(DATA EXCERPT begins)

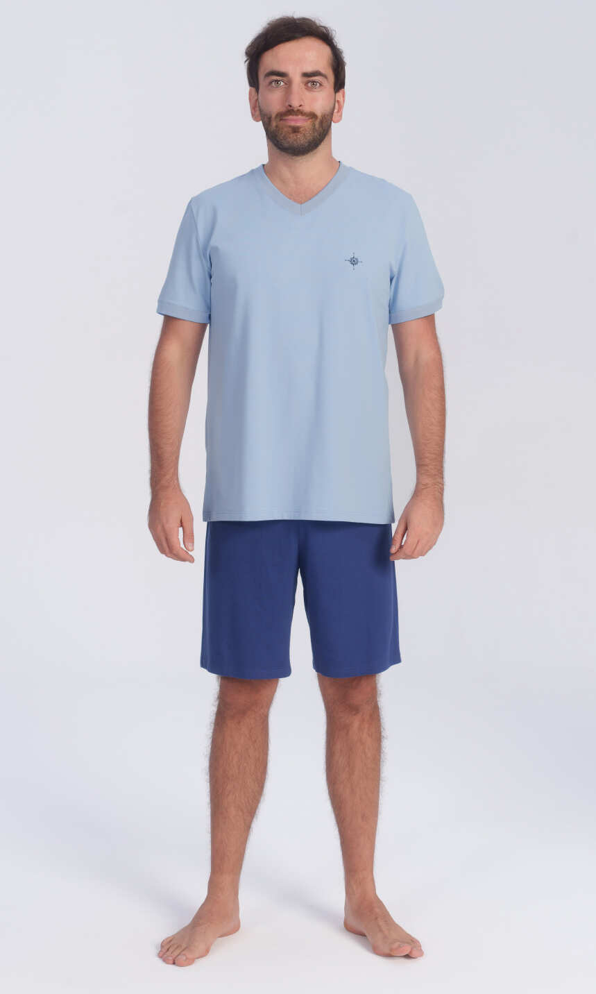Bluza w kolorze lawendowego błękitu. Dekolt w serek, z bawełnianą, szeroką, ściągaczową wypustką. Rękaw wszyty klasycznie, z podkrojem, wykończony ściągaczem jak dekolt. Spodnie krótkie, w kolorze jasnego granatu, z wciągniętą w materiał i zaszytą trzycentymetrową gumą w pasie. Klasyczny model piżamy mający swoich zwolenników.
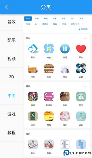 3、点击左上角就直接进入竖版的分类,左侧是类型,例如“平面”中就有“图标”、“模板”以及“样机”等,而“图标”又被分为“箭头”“Logo”“食物”“汽车”等等。
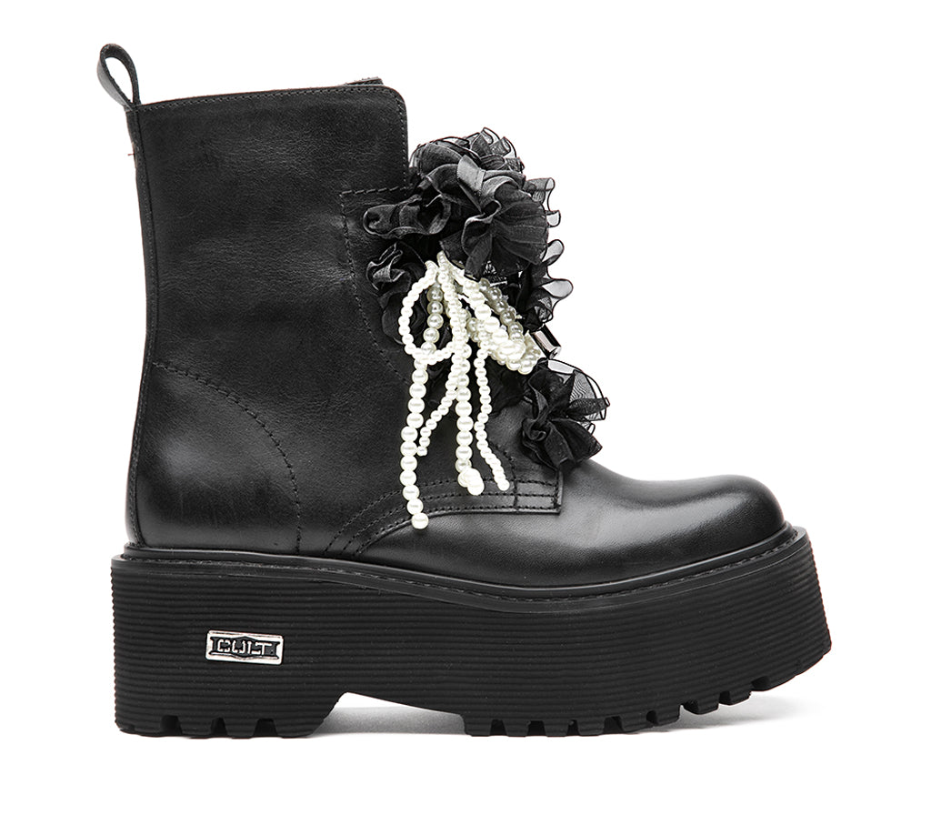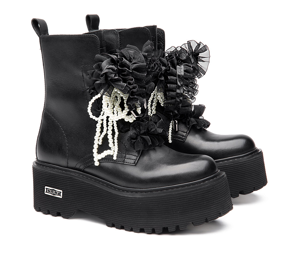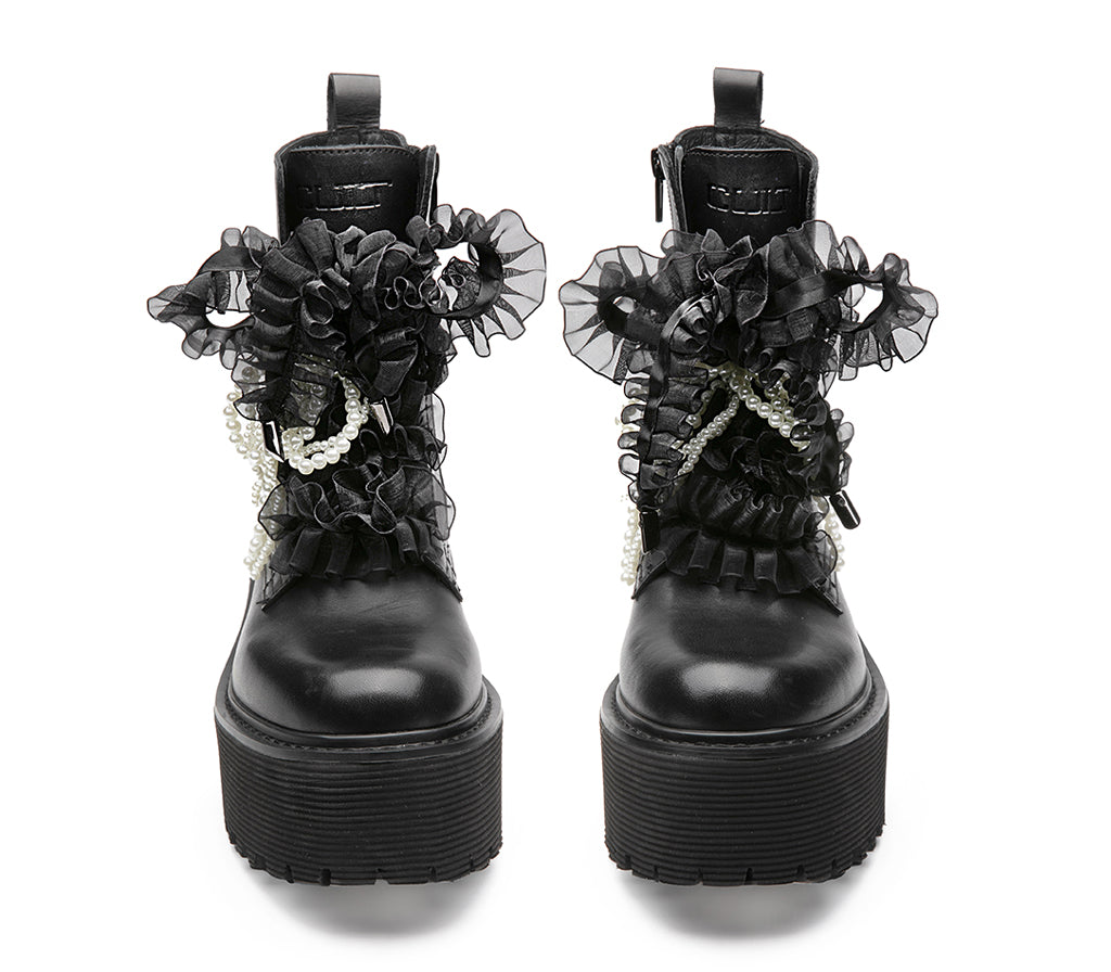 Timeless, these Cult amphibians from the AXL line in black leather combine character and feminine details. The increased volumes are enhanced by metal eyelets and lace-up closure via delicate ruffles and a bow embellished with pearls that give a refined and original touch. These amphibians will add a rock and romantic allure at the same time to any of your outfits.
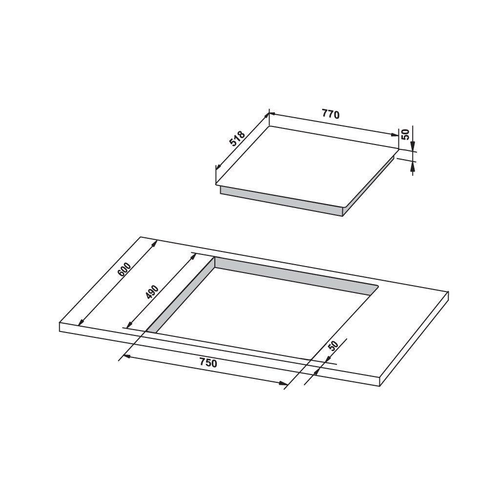 Kích thước lắp đặt: 750R x 490S mm

(DATA EXCERPT ends)

Repeat the data word for word, minus any pictures.

TASK RESPONSE:
Bluza w kolorze lawendowego błękitu. Dekolt w serek, z bawełnianą, szeroką, ściągaczową wypustką. Rękaw wszyty klasycznie, z podkrojem, wykończony ściągaczem jak dekolt. Spodnie krótkie, w kolorze jasnego granatu, z wciągniętą w materiał i zaszytą trzycentymetrową gumą w pasie. Klasyczny model piżamy mający swoich zwolenników.
 3、点击左上角就直接进入竖版的分类,左侧是类型,例如“平面”中就有“图标”、“模板”以及“样机”等,而“图标”又被分为“箭头”“Logo”“食物”“汽车”等等。
 Timeless, these Cult amphibians from the AXL line in black leather combine character and feminine details. The increased volumes are enhanced by metal eyelets and lace-up closure via delicate ruffles and a bow embellished with pearls that give a refined and original touch. These amphibians will add a rock and romantic allure at the same time to any of your outfits.
 Kích thước lắp đặt: 750R x 490S mm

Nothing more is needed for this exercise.